» **Activity**: Verbatim copy without images: return all of the data as it stands.

» **Given material**:
------------------------------------------------------------------------
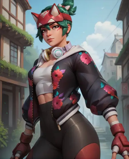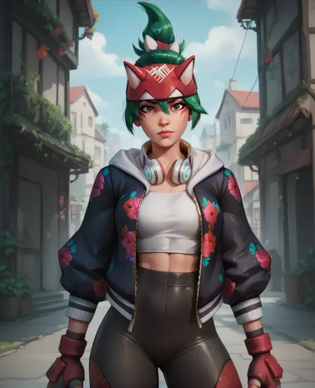 셔츠, 재킷, 검은 바지 또는 타이트한 바지, 여우 마스크, 복부 노출, 빨간 신발,
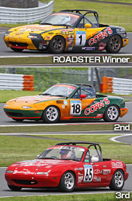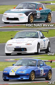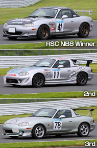 NA8とNB8が入り乱れての総合争いはポールからスタートした41八田が制したが、230石渡も総合4位、クラストップでチェッカーを受けた。NCクラスも接戦で、間にNB8クラスを挟んでスタートした39増田と144 Moty's☆IDI☆雷神NCのAquira Stanleyが最終ラップまでバトルを続け、39増田が優勝した。
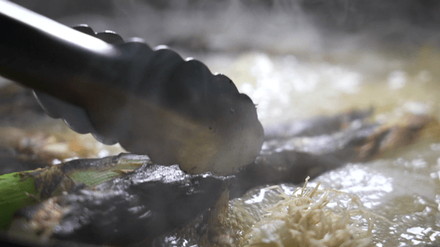 Fresh webfoot octopus being added to the boiling broth in a pot
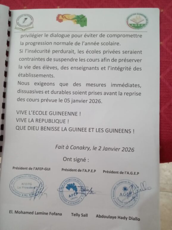 Les fondateurs d’écoles privées, réunis au sein de plusieurs associations ont conféré avec les journalistes ce vendredi 02 janvier 2026. Objectif : revenir sur les récentes perturbations qu’a connu le système éducatif guinéen, plus particulièrement, l’impact que cela a eu sur les écoles privées.
------------------------------------------------------------------------
» **Answer space**:
 셔츠, 재킷, 검은 바지 또는 타이트한 바지, 여우 마스크, 복부 노출, 빨간 신발,
 NA8とNB8が入り乱れての総合争いはポールからスタートした41八田が制したが、230石渡も総合4位、クラストップでチェッカーを受けた。NCクラスも接戦で、間にNB8クラスを挟んでスタートした39増田と144 Moty's☆IDI☆雷神NCのAquira Stanleyが最終ラップまでバトルを続け、39増田が優勝した。
 Fresh webfoot octopus being added to the boiling broth in a pot
 Les fondateurs d’écoles privées, réunis au sein de plusieurs associations ont conféré avec les journalistes ce vendredi 02 janvier 2026. Objectif : revenir sur les récentes perturbations qu’a connu le système éducatif guinéen, plus particulièrement, l’impact que cela a eu sur les écoles privées.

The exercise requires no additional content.